Each line of the data below that holds the word "Meeting" is to be reported in full.

Start of Material supplied

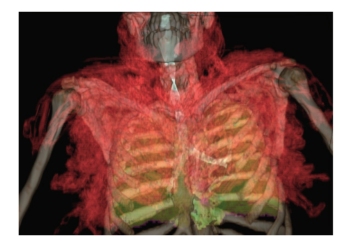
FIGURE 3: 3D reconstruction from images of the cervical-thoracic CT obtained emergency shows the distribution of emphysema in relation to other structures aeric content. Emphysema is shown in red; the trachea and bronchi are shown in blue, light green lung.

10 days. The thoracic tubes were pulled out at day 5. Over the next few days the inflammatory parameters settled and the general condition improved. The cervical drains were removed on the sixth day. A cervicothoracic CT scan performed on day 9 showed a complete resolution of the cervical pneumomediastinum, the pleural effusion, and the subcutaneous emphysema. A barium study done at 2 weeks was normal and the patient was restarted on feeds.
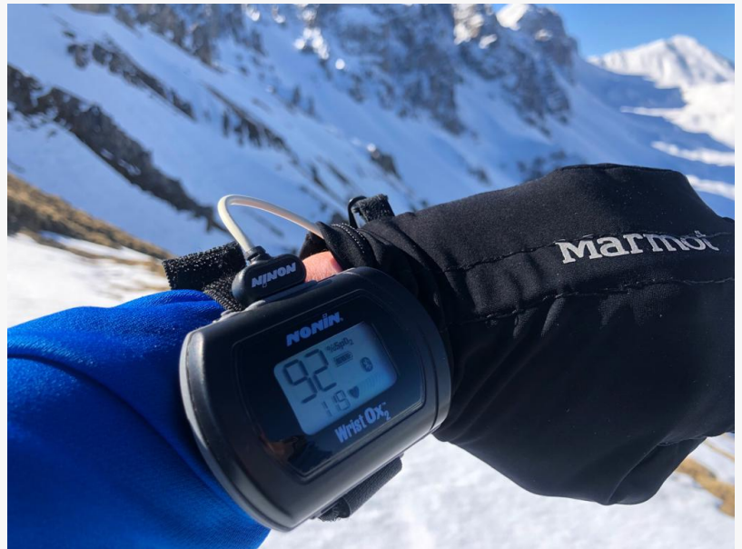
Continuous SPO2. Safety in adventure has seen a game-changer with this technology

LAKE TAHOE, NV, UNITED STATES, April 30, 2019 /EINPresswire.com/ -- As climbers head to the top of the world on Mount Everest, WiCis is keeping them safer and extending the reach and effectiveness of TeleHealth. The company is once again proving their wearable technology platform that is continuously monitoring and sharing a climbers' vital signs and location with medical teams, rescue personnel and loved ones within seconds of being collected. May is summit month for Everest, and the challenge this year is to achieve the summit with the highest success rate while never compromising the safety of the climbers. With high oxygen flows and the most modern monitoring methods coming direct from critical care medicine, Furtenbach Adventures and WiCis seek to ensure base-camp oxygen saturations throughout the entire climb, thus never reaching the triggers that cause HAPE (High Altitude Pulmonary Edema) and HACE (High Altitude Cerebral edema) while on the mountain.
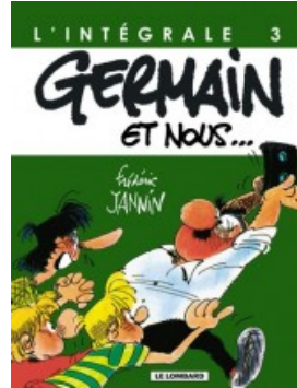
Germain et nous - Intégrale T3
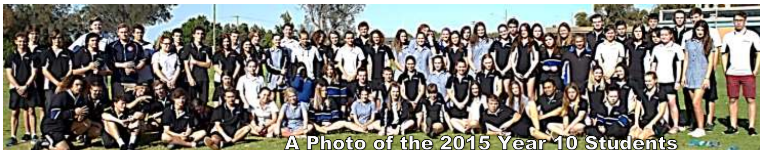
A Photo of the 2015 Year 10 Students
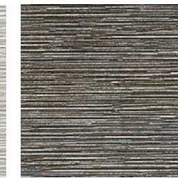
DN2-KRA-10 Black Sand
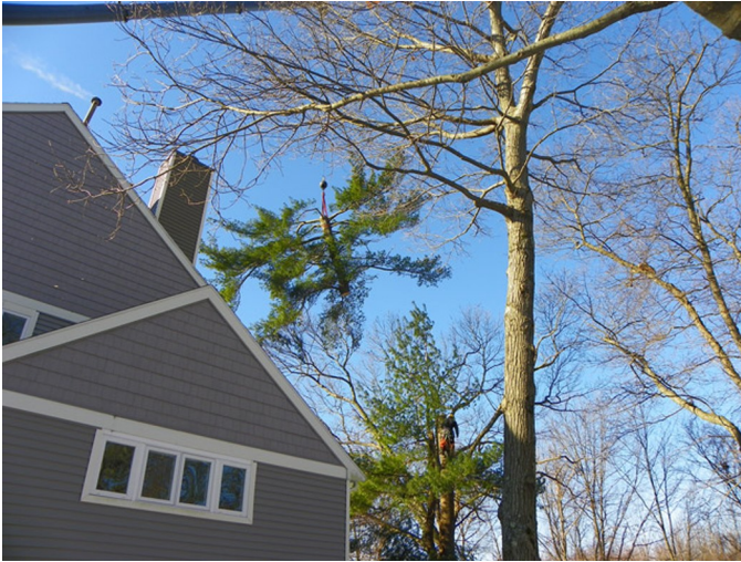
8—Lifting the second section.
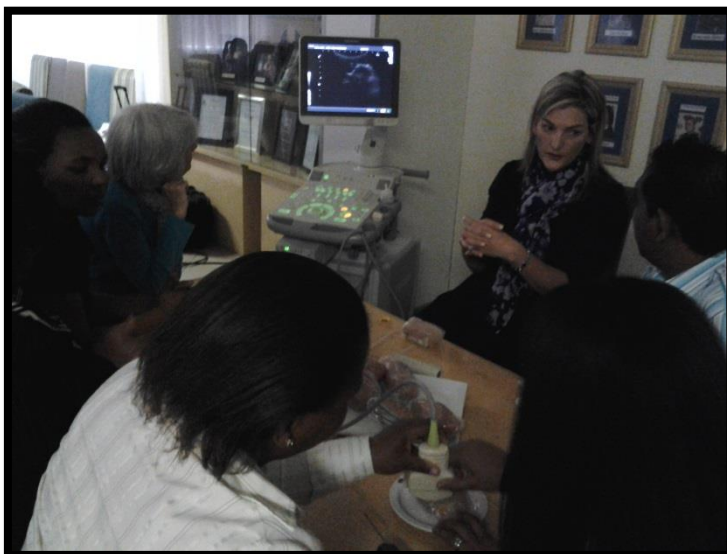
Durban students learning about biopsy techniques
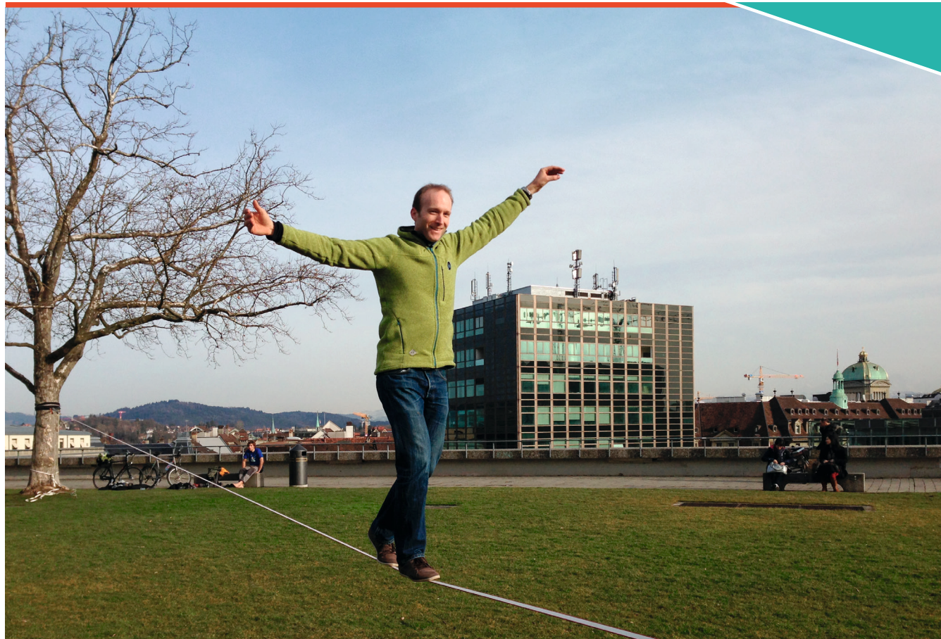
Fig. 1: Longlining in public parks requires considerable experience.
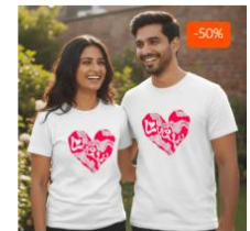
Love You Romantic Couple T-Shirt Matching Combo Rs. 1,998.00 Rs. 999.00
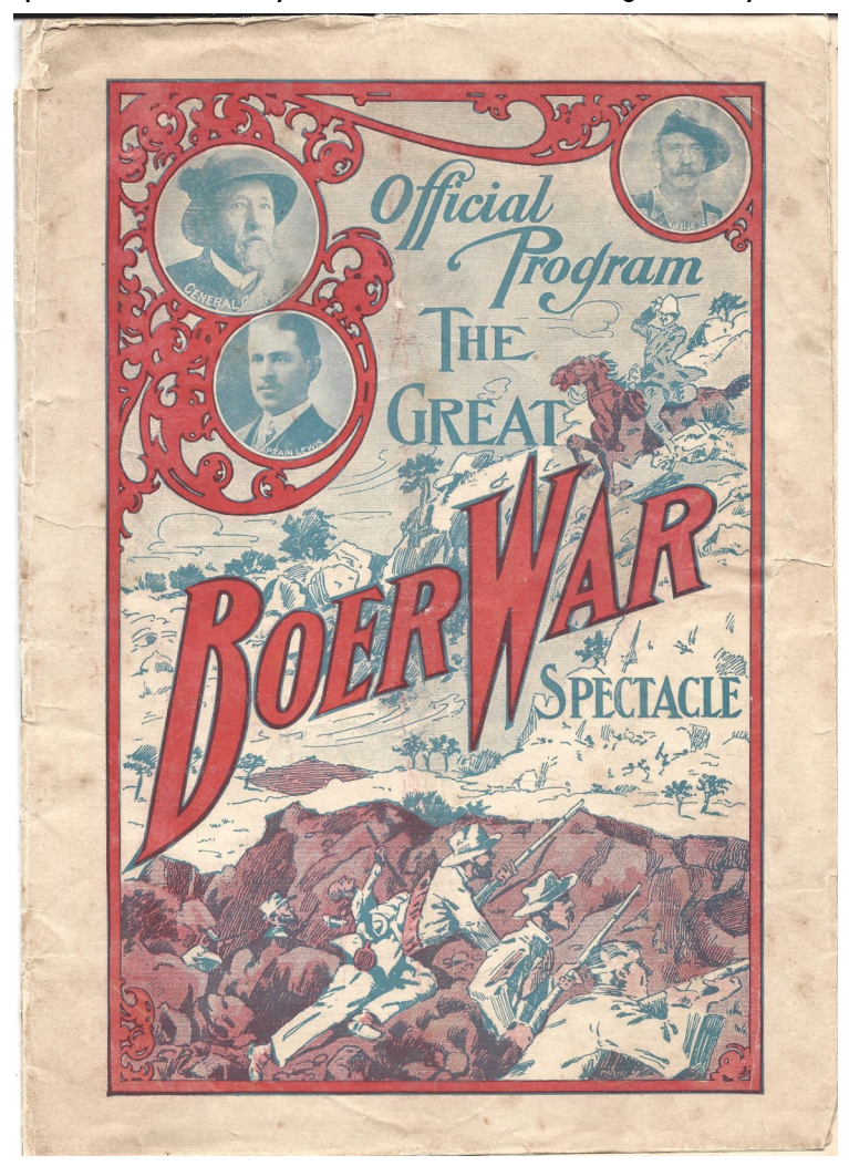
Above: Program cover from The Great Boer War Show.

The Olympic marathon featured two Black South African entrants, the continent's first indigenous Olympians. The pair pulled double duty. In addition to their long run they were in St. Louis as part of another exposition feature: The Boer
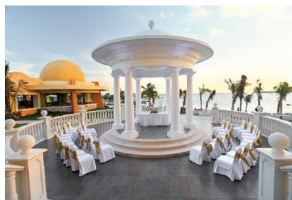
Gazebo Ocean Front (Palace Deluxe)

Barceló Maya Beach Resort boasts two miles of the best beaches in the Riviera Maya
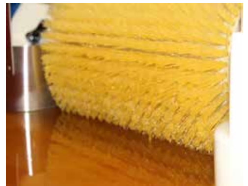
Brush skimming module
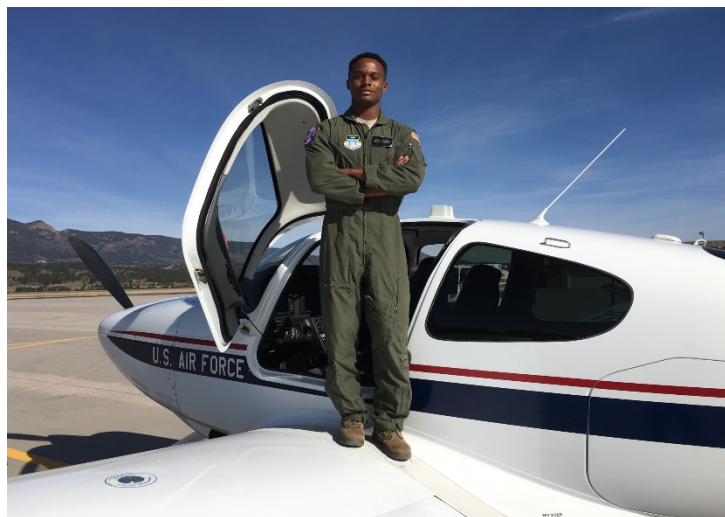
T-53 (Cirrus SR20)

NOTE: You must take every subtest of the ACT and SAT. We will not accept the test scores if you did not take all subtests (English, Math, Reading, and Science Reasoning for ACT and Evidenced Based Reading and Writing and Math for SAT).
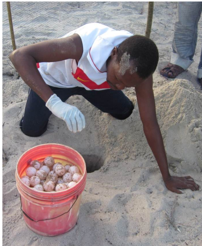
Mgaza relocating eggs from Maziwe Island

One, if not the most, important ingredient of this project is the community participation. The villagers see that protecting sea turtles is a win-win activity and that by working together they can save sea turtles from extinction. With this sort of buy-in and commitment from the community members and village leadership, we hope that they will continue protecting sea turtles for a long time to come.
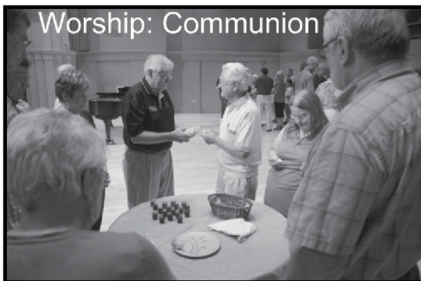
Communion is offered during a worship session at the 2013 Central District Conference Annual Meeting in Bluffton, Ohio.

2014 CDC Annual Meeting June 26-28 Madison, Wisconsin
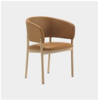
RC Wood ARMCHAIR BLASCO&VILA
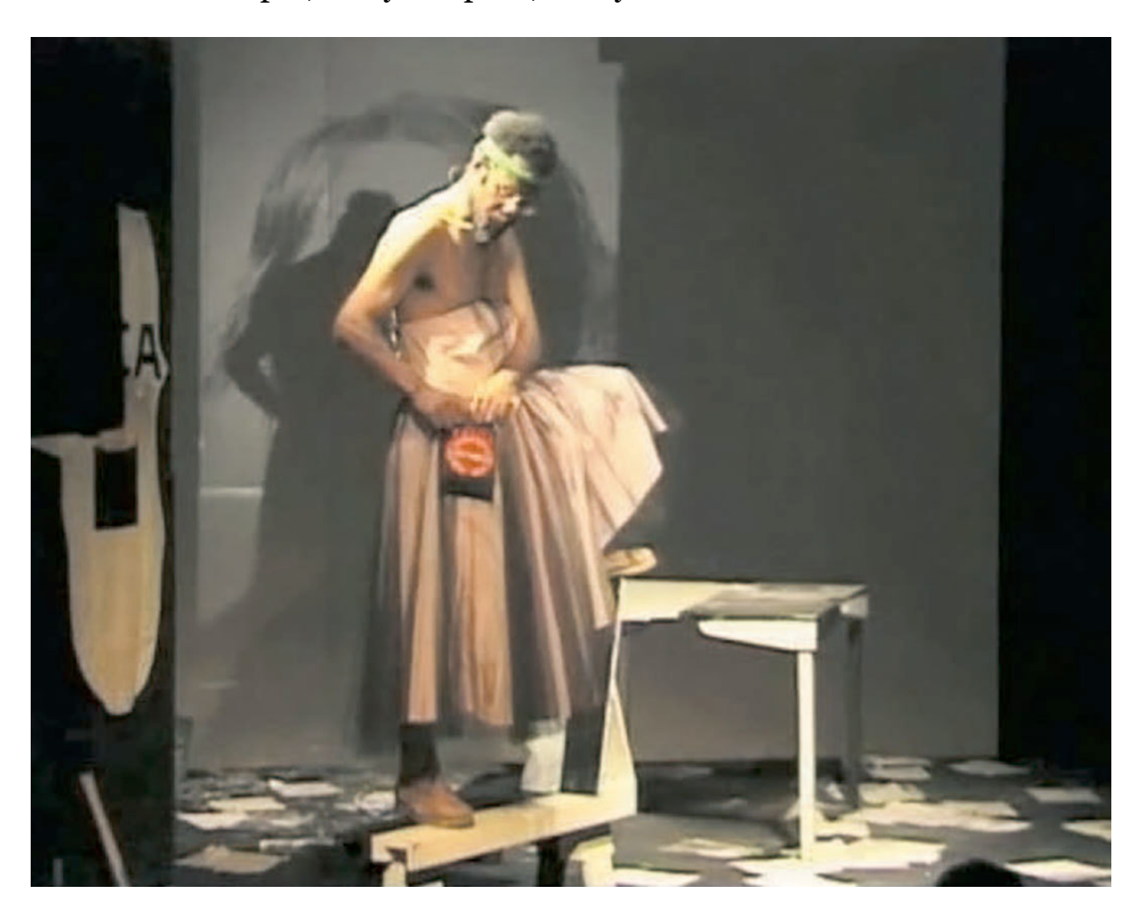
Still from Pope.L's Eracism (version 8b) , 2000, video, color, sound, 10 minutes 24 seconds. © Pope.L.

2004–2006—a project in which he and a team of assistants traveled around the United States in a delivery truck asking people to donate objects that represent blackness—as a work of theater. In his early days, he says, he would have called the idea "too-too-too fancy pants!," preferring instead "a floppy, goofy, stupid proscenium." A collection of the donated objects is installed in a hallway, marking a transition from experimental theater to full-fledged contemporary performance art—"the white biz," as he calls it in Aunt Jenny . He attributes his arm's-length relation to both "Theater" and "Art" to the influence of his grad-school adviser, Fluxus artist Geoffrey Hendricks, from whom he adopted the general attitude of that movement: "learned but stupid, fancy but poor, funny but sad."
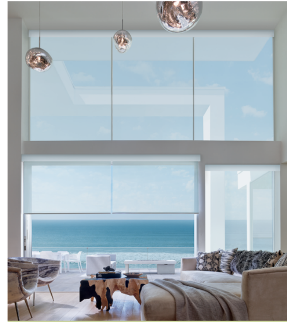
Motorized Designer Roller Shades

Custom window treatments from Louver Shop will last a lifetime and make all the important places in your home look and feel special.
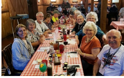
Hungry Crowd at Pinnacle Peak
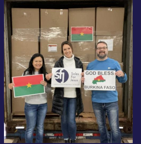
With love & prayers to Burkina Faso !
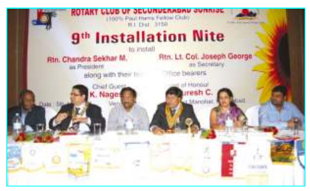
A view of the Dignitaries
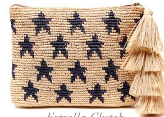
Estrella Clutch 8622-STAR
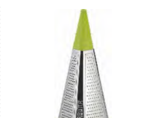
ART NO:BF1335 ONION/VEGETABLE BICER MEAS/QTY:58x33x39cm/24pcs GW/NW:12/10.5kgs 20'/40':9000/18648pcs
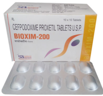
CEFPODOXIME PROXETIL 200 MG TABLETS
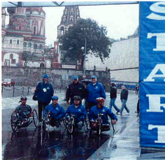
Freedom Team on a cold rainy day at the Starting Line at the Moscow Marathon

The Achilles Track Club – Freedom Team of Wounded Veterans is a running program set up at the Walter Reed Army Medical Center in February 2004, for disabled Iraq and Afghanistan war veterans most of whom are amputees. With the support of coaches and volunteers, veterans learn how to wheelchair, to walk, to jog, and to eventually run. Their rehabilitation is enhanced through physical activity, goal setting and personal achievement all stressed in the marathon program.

End of Material supplied

Response area:
Communion is offered during a worship session at the 2013 Central District Conference Annual Meeting in Bluffton, Ohio.
2014 CDC Annual Meeting June 26-28 Madison, Wisconsin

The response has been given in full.